ここで昼食として、その後、Chatsworth まで歩いて移動。道路から すぐのお手軽岩場。HVS 5a の Mort Wall に取り付く。下から見ると 簡単そうだったが、登ってみると、意外にそうでもない。特に、中間 支点が思ったより取りづらい。最初の中間支点は、 DMM ピーナッツ で取ることになった。1m ほど上に次の支点をナッツで取る頃には、 ちょっと筋肉が張ってきている。登りかけるが、ちょっと自信が持て ず、かつ筋肉疲労がたまってきているので、クライムダウン…あれっ、 あるはずのスタンスがない…、「張って!」。というわけで墜落。支 点がある場所辺りまで降りてきていたので、墜落距離はゼロに近い が…、ショック。墜落するくらいならば、支点を握って、静過重だけ にとどめておくべきだった。そして、この墜落時、最初のピーナッツ が飛んだ。アダムが岩から少し離れて確保していたのも一因か。 少しロープに体重を預けて休んでから、気を取り直して登り直し。パ ンプさえなければ、特に問題あるルートではなく、上まで登りきった。
この後、2本ルートを登って、今日はお開き。 ダブルロープのデビューは上々だった。 今日、シングルと両方を使い分けることで、その効果がよく理解できた気がする。
△以上、記録の一部。全文は、以下に載せました。
http://alpiniste.hp.infoseek.co.jp/record/uk/20050528_peakd.jis.html
登山ミニ知識編 〜〜 岩登りとザイル 〜〜
岩登りとは、文字通り岩、岸壁を登ること。だから端的にはどう登っ てもいいわけです。裏山の岩をひょいと登れば、それも岩登り。でも、 10m の岩を登っていてもし落ちたら運が良くても大怪我、100m の岩な ら、即死間違いありません。だから、ロープを使って、仮に落ちても 途中で止まるよう、最悪の事態は避けられるように登ります。

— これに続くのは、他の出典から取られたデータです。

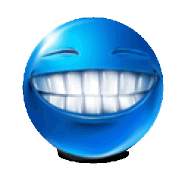 A blue emoji-like face transitions from a confused, drooling expression to a wide-eyed, relieved smile.

昔、ある漫画で、「単独初登頂」の時に、前から垂れているロープに 掴まって登る姿がありましたが……、そのロープ、どうやって張ったっ ちゅうねん、と思わず突っ込んでしまいました。当然、 「初登頂」ならば、自分の手が届く範囲より先にロープを張るのは不 可能です。
現実の岩登りでは、普通は、二人(以上)の組で登ります。最初に登る 人(リーダー)を、後から登る人が、ロープを使って下から確保します。 たとえば、登り初め(垂壁の真ん中を想像して下さい)から 5m 登って、 そこで落ちた場合、リーダーは、崖の下まで落ちる代わりに、確保者 との距離の 2倍、つまり 10m 落ちるだけで済む、という次第。

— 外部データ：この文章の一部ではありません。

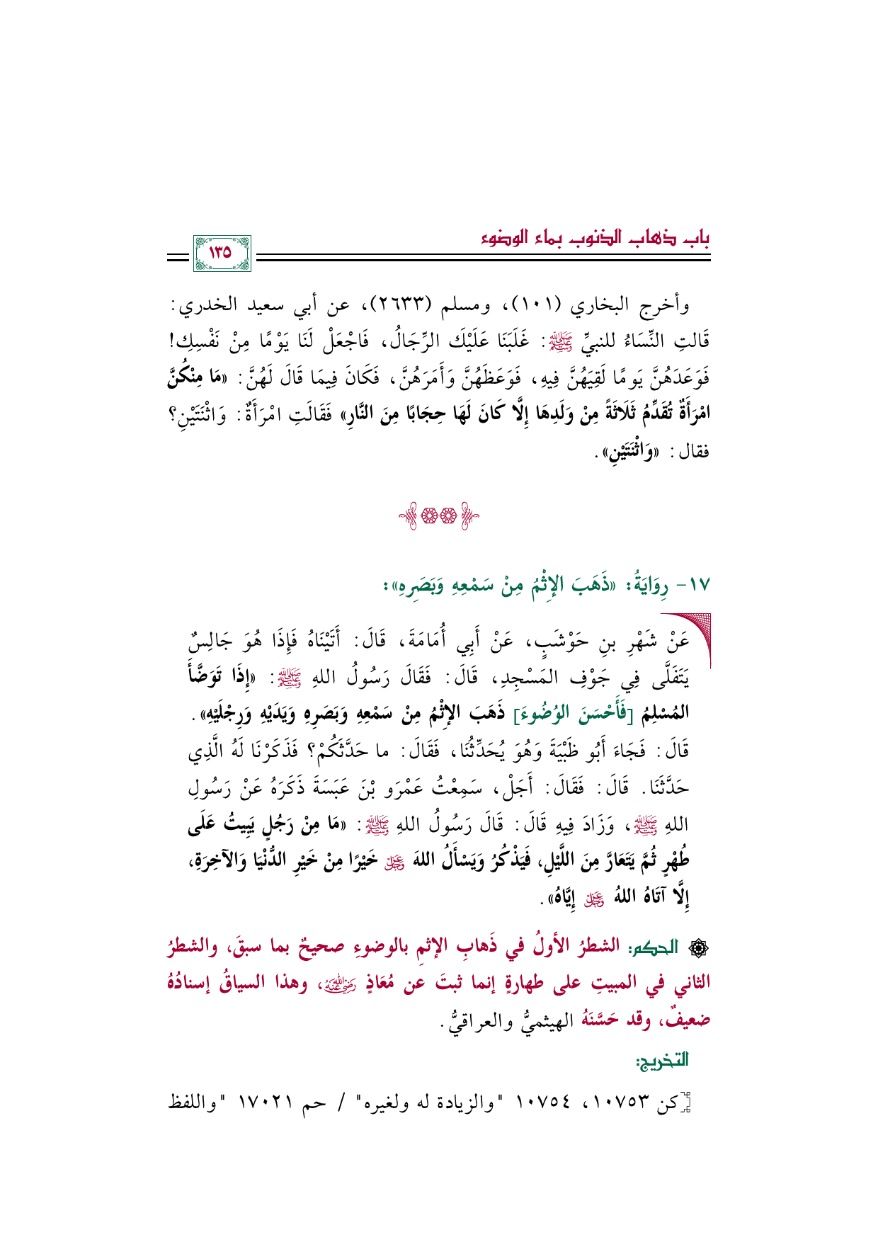 • عَنْ شَهْرِ بنِ حَوْشَبٍ، عَنْ أَبِي أُمَامَةَ، قَالَ: أَتَيْنَاهُ فَإِذَا هُوَ جَالِسٌ يَتَفَلَّى فِي جَوْفِ المَسْجِدِ، قَالَ: فَقَالَ رَسُولُ اللهِ صلى الله عليه وسلم: «إِذَا تَوَضَّأَ المُسْلِمُ [فَأَحْسَنَ الوُضُوءَ] ذَهَبَ الإِثْمُ مِنْ سَمْعِهِ وَبَصَرِهِ وَيَدَيْهِ وَرِجْلَيْهِ». قَالَ: فَجَاءَ أَبُو ظَبْيَةَ وَهُوَ يُحَدِّثُنَا، فَقَالَ: ما حَدَّثَكُمْ؟ فَذَكَرْنَا لَهُ الَّذِي حَدَّثَنَا. قَالَ: فَقَالَ: أَجَلْ، سَمِعْتُ عَمْرَو بْنَ عَبَسَةَ ذَكَرَهُ عَنْ رَسُولِ اللهِ صلى الله عليه وسلم، وَزَادَ فِيهِ قَالَ: قَالَ رَسُولُ اللهِ صلى الله عليه وسلم: «مَا مِنْ رَجُلٍ يَبِيتُ عَلَى طُهْرٍ ثُمَّ يَتَعَارَّ مِنَ اللَّيْلِ، فَيَذْكُرُ وَيَسْأَلُ اللهَ عَزَّ وَجَلَّ خَيْرًا مِنْ خَيْرِ الدُّنْيَا وَالآخِرَةِ، إِلَّا آتَاهُ اللهُ عَزَّ وَجَلَّ إِيَّاهُ».

さて、登り初めが平坦な地面なら、これは、要するに 5m、地面まで 落下することと同じこと、つまりロープを使う意味はありません。 それに、どんな状況であれ、10m 落ちるのは落ちる人にとっても 確保する人にとっても、気持ちいいものとは言い難く……、 落下距離は少なければ少ないほどいいのもものの道理です。そこで、 リーダーは、登っていく最中、途中で「中間支点」を作って落下距離を 抑える努力をします。つまり、岸壁の途中で支点を作って、落ちても その支点の少し下までしか落ちないようにします。たとえば、下から 4m のところに中間支点を作った場合、そこから 1m (= 下から 5m) 登ったところで落ちても、落下距離は 2m に過ぎないわけです。
リーダーが上まで登りきったら、今度は、リーダーが上から、ロープ で次に登る人(セカンド)を確保します。これは、単純ですね。落ちて も、落下距離は最小限で済みますし、極論すれば、ロープを頼りにセ カンドを引き上げることも不可能ではありません。
この時に使う太いロープのことを、しばしば「ザイル」と言います。 ドイツ語の Seil です。
Webページ更新情報
- この記事は、以下にも載せました。
http://alpiniste.hp.infoseek.co.jp/magazine/backnumber/eu009.html
See you later!
あとがき
先週末は雨。それでも岩を登ってきました……英国流です。